The truth is that a general confession and absolution were specifically rejected by Luther in his 16th century Church Orders. Luther kept private confession and absolution; general ones were not even permitted. The 1542 Church Order signed by Luther says, "'If any preacher should assemble those who want to commune in the morning and speak a general absolution to them: that should by no means be done'" (Walther, Pastorale, 122).

This was the teaching in the early days of our Synod too. In 1859 a district president told a congregation they could do away with private confession, but he warned them that doing so would deprive themselves of the blessings of the "glorious rite" of private confession, harm the congregation, the whole synod, their children and their posterity. This would be the result, the district president went on to say, Especially "if you would establish beside private confession also general confession" (Moving Frontiers, 241).

Friends, although I grew up in our Synod it wasn't till I went to seminary that I heard of private confession and absolution. How wonderful I thought! But when I went out into the parish, I found it nowhere. O there were pastors who said that their pastoral counseling was really private confession. Not so. In counseling you try to fix things. In Absolution you forgive things. The absence of private absolution troubled me greatly because we say in our Confessions, "It would therefore be wicked to remove private absolution from the Church" (AP, XII, 100-01).

Don't misunderstand. The Lutherans have never wanted to make private confession and absolution mandatory at fixed times. They said in the Apology to the Augsburg Confession, "But with respect to the time, certainly most men in our churches use the Sacraments, absolution and the Lord's Supper, frequently in a year...But a fixed time is not prescribed, because all are not ready in a like manner at the same time" (XI, 60,62).

Lutheran pastors don't compel anyone to go to private confession. Luther says in the Large Catechism, "For here [in private confession] the compulsion must be reversed; we are the ones who must come under the command and you must come in freedom. We compel no one, but allow ourselves to be compelled, just as we are compelled to preach and administer the sacrament" (LC, Confession, 31).

You know how come pastors might hesitate to hear confessions and absolve? Because it is very difficult and draining for a pastor to take on his conscience what use to be on yours. It's not fun. No godly pastor likes to hear of sin anymore than a good doctor likes hear of disease. Nor does a godly pastor want to hear what is sinful in you to lord it over you as if your sinfulness makes him holier. No good doctor thinks finding disease in you somehow promotes health in him or her.

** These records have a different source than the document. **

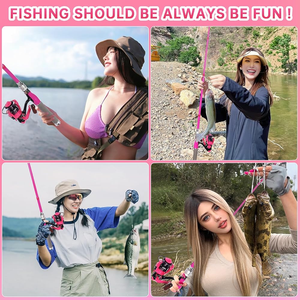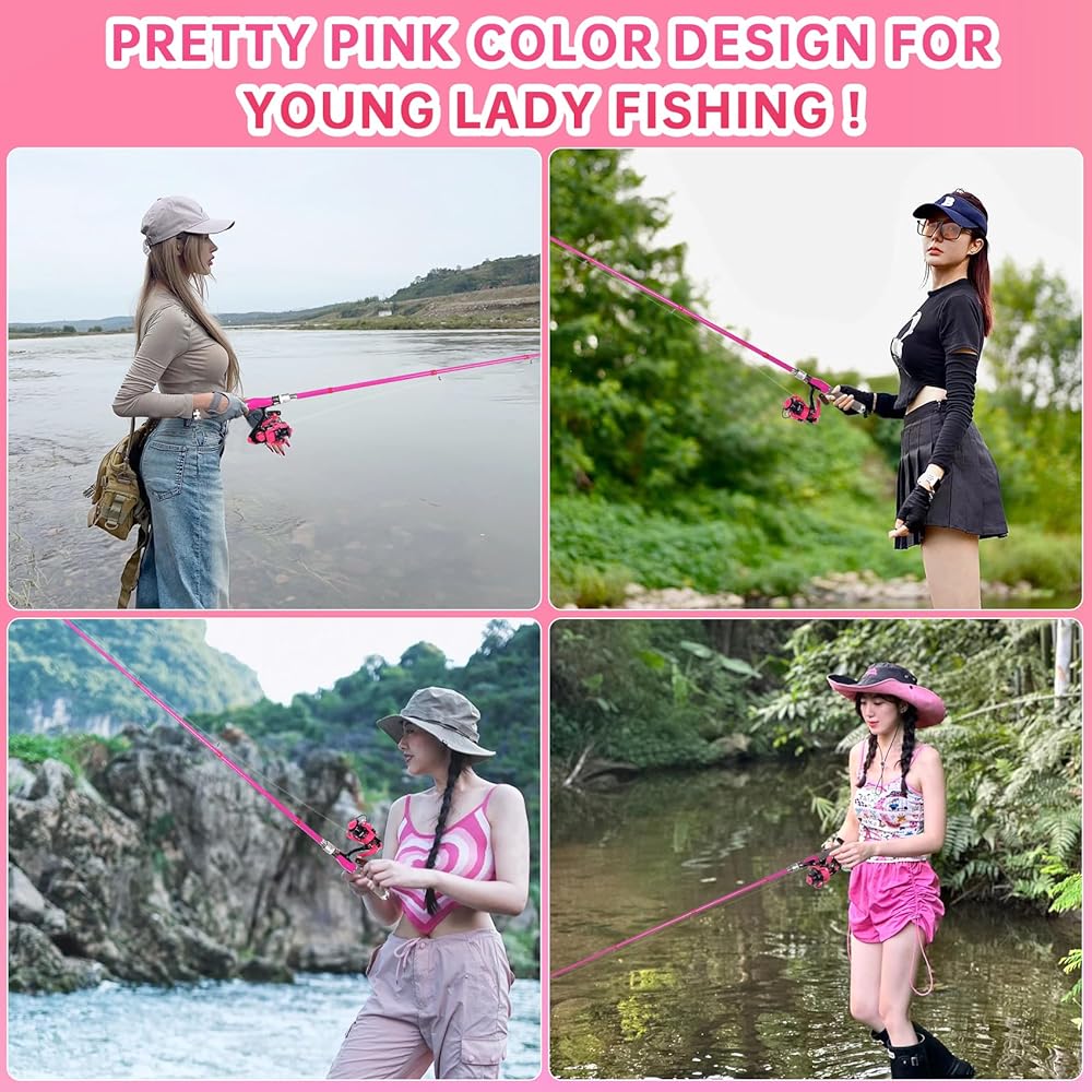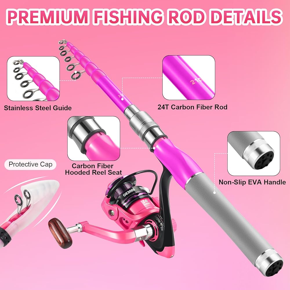 مجموعة صنارة وبكرة صيد السمك للسيدات، طقم صنارة صيد تلسكوبية من ألياف الكربون مع بكرة دوارة، خط صيد، طُعم صيد السمك، حقيبة سفر للنساء والفتيات المبتدئات في المياه العذبة (وردي)
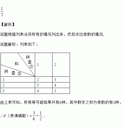 九年级(1)班要举行一场毕业联欢会,规定每个同学同时转动下图中①、②两个转盘(两个转盘分别被二等分和三等分),若两个转盘停止后指针所指的数字之和为奇数,则这个同学要表演唱歌节目;若数字之和为偶数,则要表演其他节目.试求出这个同学表演唱歌节目的概率(要求用画树状图或列表方法求解).
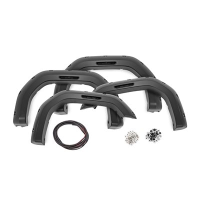 Add aggressive good looks quickly and easily with Rough Country's Fender Flares. Nothing compliments a new lift, wheels, and tires like a set of stylish, mean-looking fender flares. Rough Country's Fender Flares are designed with a simulated riveted look. These fender accessories bolt-on quickly and easily in a few secure mounting points, making installation a cinch. No cutting or drilling is required to install, and these flares can be easily removed and return your truck to stock! These UV treated fender flares ship in flat-black or can easily be painted to match your vehicle, and are designed to withstand the sun, rain and other elements of nature. Rough Country Fender Flares are guaranteed to be free of defects for 3 years!
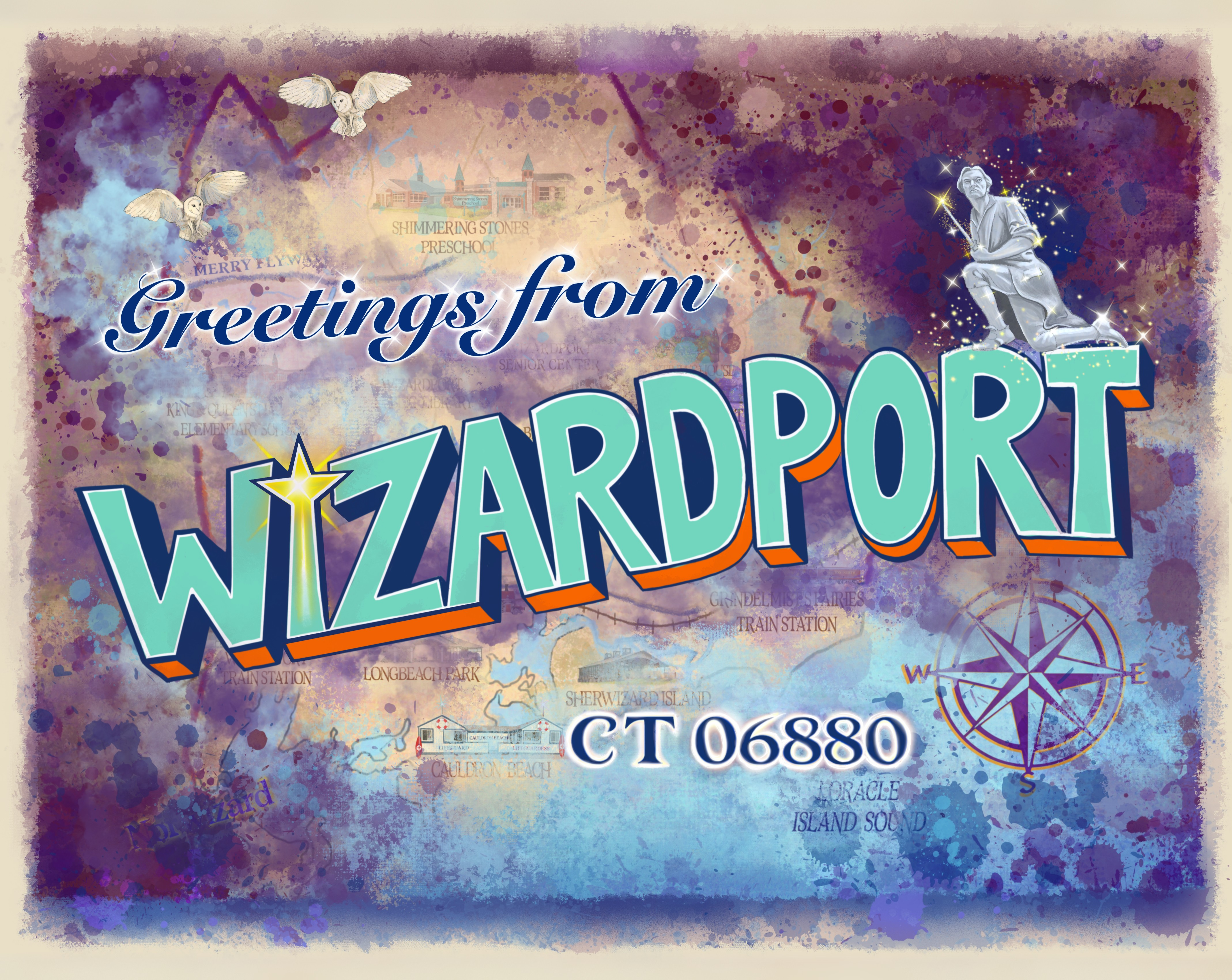 Design: Hand-illustrated “Greetings from Wizardport, CT 06880” artwork in vibrant, postcard-style lettering

A good doctor wants to find your illness to give you relief; a good pastor wants to hear your sins to give you forgiveness. Confession is not enough to give you forgiveness; absolution needs to be there. The absolution is here whenever I preach or teach the forgiveness of sins for Jesus' sake. It's here whenever I give you the Body and Blood of Christ for forgiveness. But sometimes a sin will bother and fester, so that it looks too big to the person to be forgiven by such means. That's why we have private confession. Far from exalting the power of the pastor to forgive sins; it exalts the privilege of the layman to have his or her sin forgiven personally, privately, certainly. It gives the lay person yet one more medicine, one more weapon in the war the devil would wage to make your conscience guilty of sins that have long, long ago been forgiven. Amen.